Колесница времени - Татьяна Степанова
Шрифт:
Интервал:
Закладка:
— А как дела с баллистической экспертизой? — спросила Катя.
— Гильза от пистолета «ТТ», как и пули в предыдущих случаях.
— А что дала проверка по банку данных?
— Ничего.
— Ничего? Значит, этот пистолет «ТТ» нигде до этого раньше не светился?
— Ни по одному зарегистрированному в банке данных преступлению.
Катя замолчала. И тут — провал…
— Ладно, я буду на связи, мне надо домой возвращаться, — сказала она.

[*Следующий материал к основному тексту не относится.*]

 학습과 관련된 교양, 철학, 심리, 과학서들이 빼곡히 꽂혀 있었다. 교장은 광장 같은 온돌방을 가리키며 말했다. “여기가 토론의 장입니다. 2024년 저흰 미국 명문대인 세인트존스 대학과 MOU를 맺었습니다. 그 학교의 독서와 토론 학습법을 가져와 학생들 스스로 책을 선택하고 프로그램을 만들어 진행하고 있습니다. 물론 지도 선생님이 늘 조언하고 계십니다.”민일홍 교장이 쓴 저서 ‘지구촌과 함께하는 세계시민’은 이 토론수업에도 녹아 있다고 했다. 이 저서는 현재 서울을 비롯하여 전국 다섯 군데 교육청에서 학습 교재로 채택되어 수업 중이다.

— Слушай, я тревожусь за тебя.
— Я буду осторожной, — пообещала Катя.
Она купила в кафе горячие вафли, круассаны и булочки с корицей. Взяла кофе в картонном стаканчике. Пока шла до подъезда, жадно пила его на ходу.

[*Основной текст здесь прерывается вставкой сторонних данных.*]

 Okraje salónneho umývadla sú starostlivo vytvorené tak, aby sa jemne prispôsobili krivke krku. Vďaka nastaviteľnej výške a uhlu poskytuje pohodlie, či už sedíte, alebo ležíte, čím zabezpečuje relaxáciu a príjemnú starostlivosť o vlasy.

Тихонько открыла дверь квартиры ключом. Прислушалась, потом заглянула в комнату.
Данила по-прежнему спал. Катя решила ждать, когда он проснется.
Она села в кресло у окна, обдумывая события минувшего дня и ночи. Лиля права — вроде бы в сложившейся ситуации именно Женя и ее муж — главные подозреваемые в убийствах Саянова и шофера — Фархада. Исповедь Жени лишь подтверждает эту версию, несмотря на то, что она отрицает их с мужем причастность к убийствам.
Тогда, выходит, именно Женька стреляла в меня ночью? Или она сообщила мужу, что я говорила с их горничной, и это он меня подкараулил?
Катя ощущала внутри себя холод, когда думала о том, что случилось у гаража. Можно ли верить школьной подруге? То, что Женя поведала об их супружеской жизни…
Катя вспомнила, как невольно подслушала ночью в их доме, в Прибрежном… Сладкий, бесстыдный стон наслаждения… Она ведь тогда решила, что это муж так ублажает Женьку. А что же теперь, после его публичного признания?
Катя бросила взгляд в сторону Данилы.
Или это кто-то шалил в ту ночь не с Женькой, а с горничной-филиппинкой?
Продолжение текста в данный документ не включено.